We take up the story after Jeremiah had been witnessing against child sacrifice just outside the gates of Jerusalem. He goes back into town and through the Benjamin gate to the Temple courtyard.
Then Jeremias came from Topheth, whither the Lord had sent him to prophecy, and he stood in the court of the house of the Lord, and said to all the people:
Thus saith the Lord of hosts, the God of Israel: Behold I will bring in upon this city, and upon all the cities thereof all the evils that I have spoken against it: because they have hardened their necks, that they might not hear my words.

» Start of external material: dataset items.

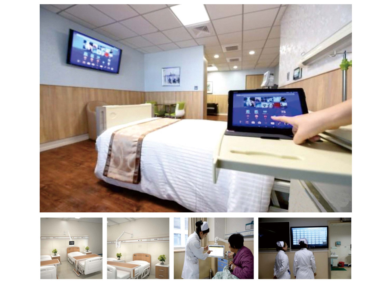 通過物聯(lián)網(wǎng)將智能門鎖(通過指紋或人臉識別)、智能床頭柜、智能音箱、智能電視、智能窗簾、智能燈、智能溫濕度監(jiān)控的應(yīng)用在病房中。
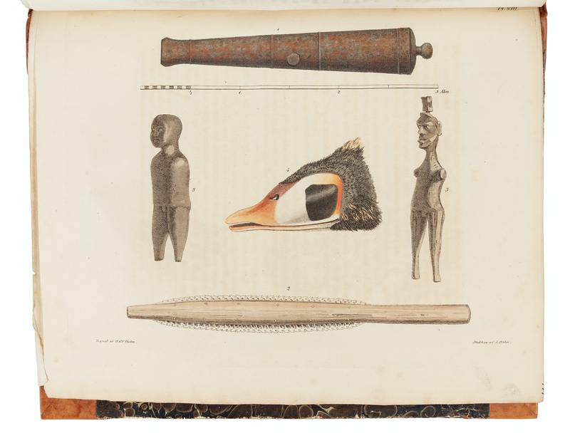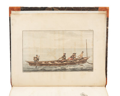 4to. With large engraved folding map & 8 hand-colored engraved plates. (Some minor browning or soiling.) Contemporary half calf. Provenance: Hindrup? (signature).FIRST EDITION of the account of the Royal Danish expedition to the east coast of Greenland in 1828, printed from its Commander's diary. The fine hand-colored plates depict Eskimo umiaks and kayaks, their implements and summer dwellings, and ruins of Norse settlements. Arctic Bibliography 6032; Sabin 28178. RARE.
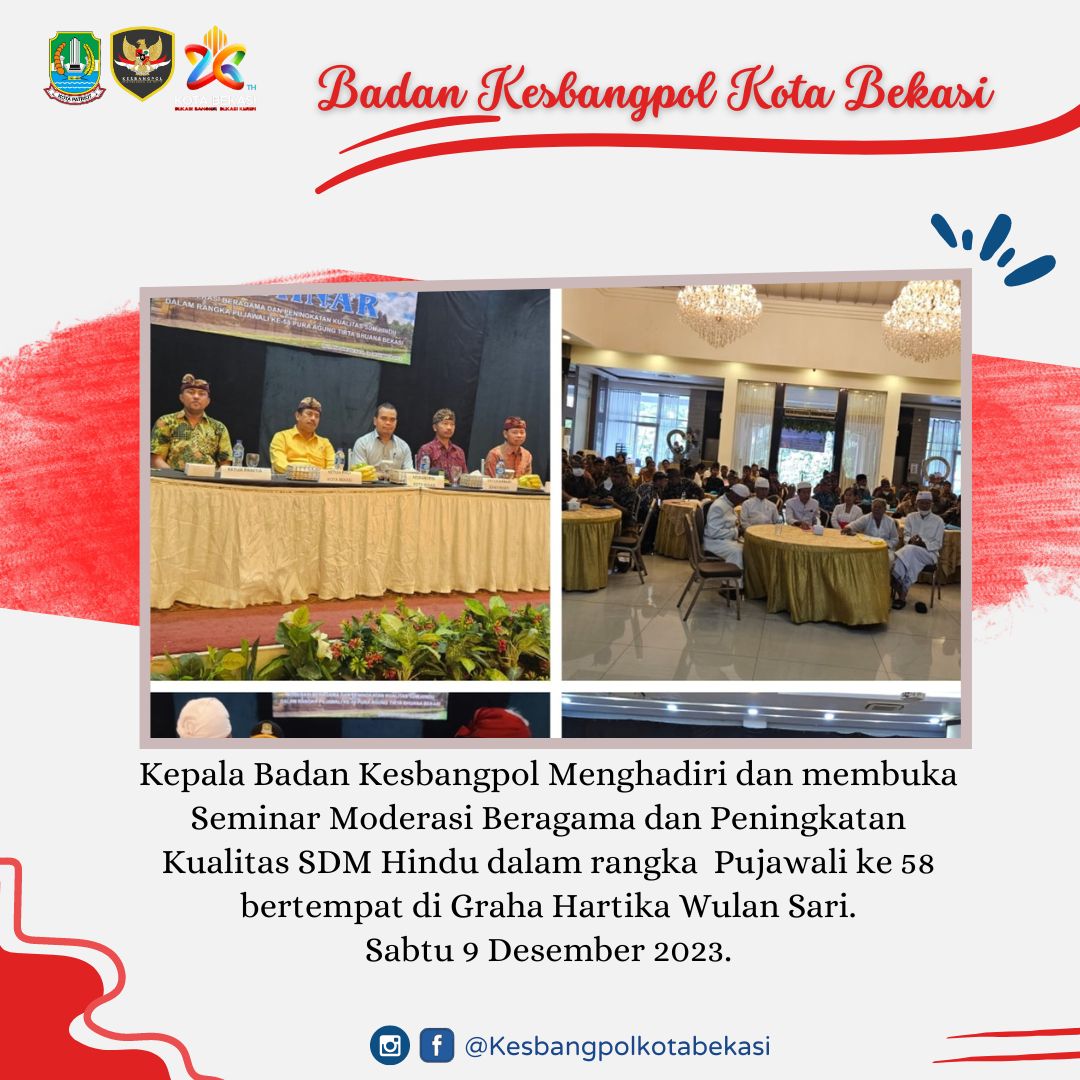 Bekasi, Sabtu 9 Desember 2023. Kepala Badan Kesbangpol Menghadiri Dan Membuka Seminar Moderasi Beragama Dan Peningkatan Kualitas SDM Hindu Dalam Rangka Pujawali Ke 58 Bertempat Di Graha Hartika Wulan Sari.
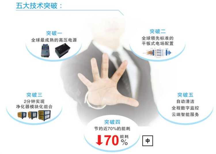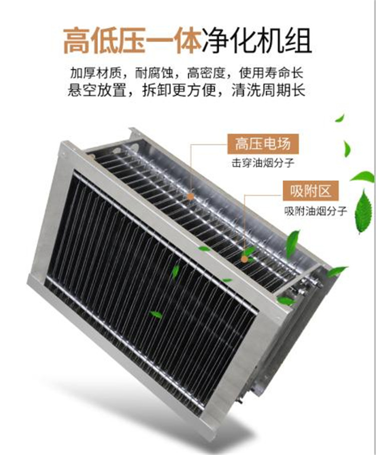 四級(jí)凈化:電子靜電凈煙原理,不銹鋼電離器,使氣體離子化,強(qiáng)電場(chǎng)使顆粒物帶電,成為帶電顆粒。鋁合金集成器,帶電顆粒到達(dá)第二段集成器后使粒子撞擊至收集電板而立即被收集電極吸附,90%以上的污染物被濾除。能有效收集大于0.1微米的顆粒。
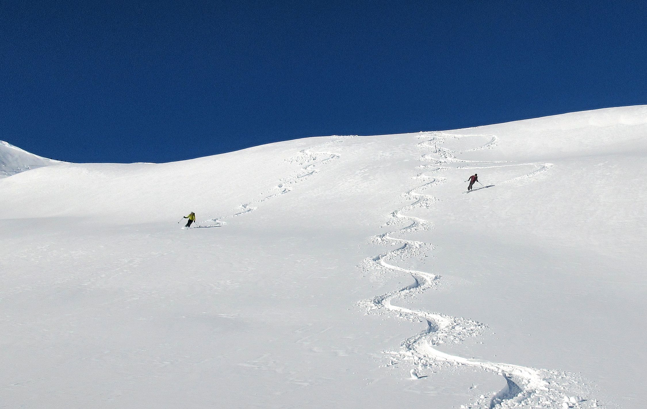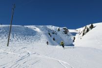 Abfahrt: Wir sind etwas nördlich vom Grat vor dem Arnifirst in den Osthang eingefahren und konnten im feuchten Pulverschnee schöne Kurven ziehen. Weiter unten im Flacheres stellenweise noch schöner, lockerer Pulver. Es hatte natürlich etliche verspurte Hänge. Auch diese liessen sich gut fahren. Selbst kurz ob der Bergstation fanden wir noch schönen Pulverschnee.
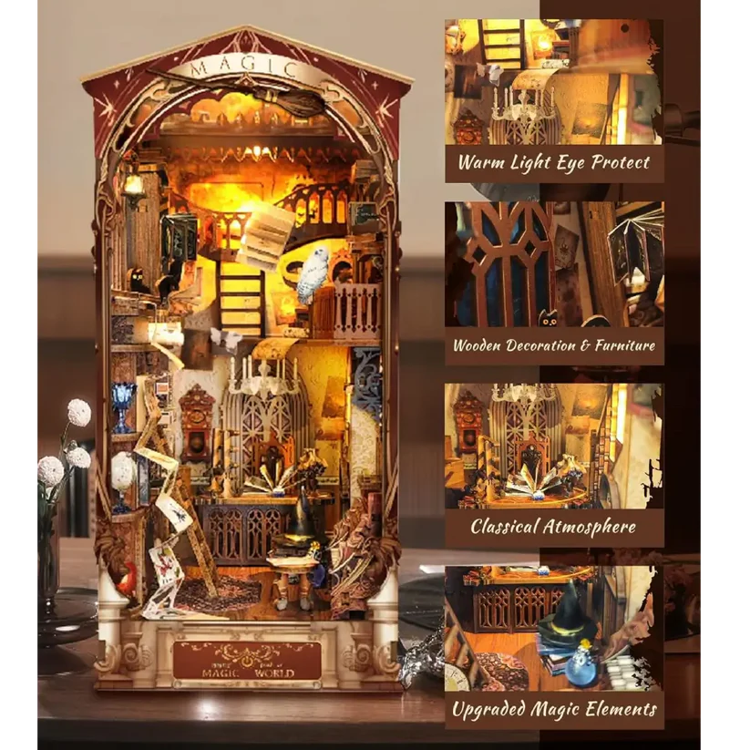 Beyond a DIY book corner, the Book Nook is a captivating collection and decoration. Immerse yourself in the miniature world with rich scenes and imaginative ideas. Gazing at the vibrant corner of the bookshelf will undoubtedly brighten your mood. It comes with a protective dust cover, making it easy to clean and maintain.

Now Phassur the son of Emmur, the priest, who was appointed chief in the house of the Lord, heard Jeremias prophesying these words. And Phassur struck Jeremias the prophet, and put him in the stocks, that were in the upper gate of Benjamin, in the house of the Lord.
And when it was light the next day, Phassur brought Jeremias out of the stocks. And Jeremias said to him: The Lord hath not called thy name Phassur, but fear on every side. For thus saith the Lord: Behold I will deliver thee up to fear, thee and all thy friends: and they shall fall by the sword of their enemies, and thy eyes shall see it, and I will give all Juda into the hand of the king of Babylon: and he shall strike them with the sword. And I will give all the substance of this city, and all its labour, and every precious thing thereof, and all the treasures of the kings of Juda will I give into the hands of their enemies: and they shall pillage them, and take them away, and carry them to Babylon. But thou, Phassur, and all that dwell in thy house, shall go into captivity, and thou shalt go to Babylon, and there thou shalt die, and there thou shalt be buried, thou and all thy friends, to whom thou hast prophesied a lie.
Jeremiah 19.14 – 20.6
Jeremiah was not a man for the quiet life – well, he might have been, but for the Lord’s call. He did try to evade it by saying he was too young, but to no avail; called and sent he was, so to Jerusalem he went and proclaimed the Word. And got beaten by the chief priest and left in the stocks overnight. Did he slink away with his tail between his legs? No, he spoke the Word again. The exile in Babylon was coming fast.
Jeremiah would later encourage the exiles not to put their lives on hold, but to build a new life for themselves in Babylon, as we see many of them do in the Book of Daniel and elsewhere. Am I simply marking time, awaiting the end of the exile from ‘normal life’ that covid19 has led us to?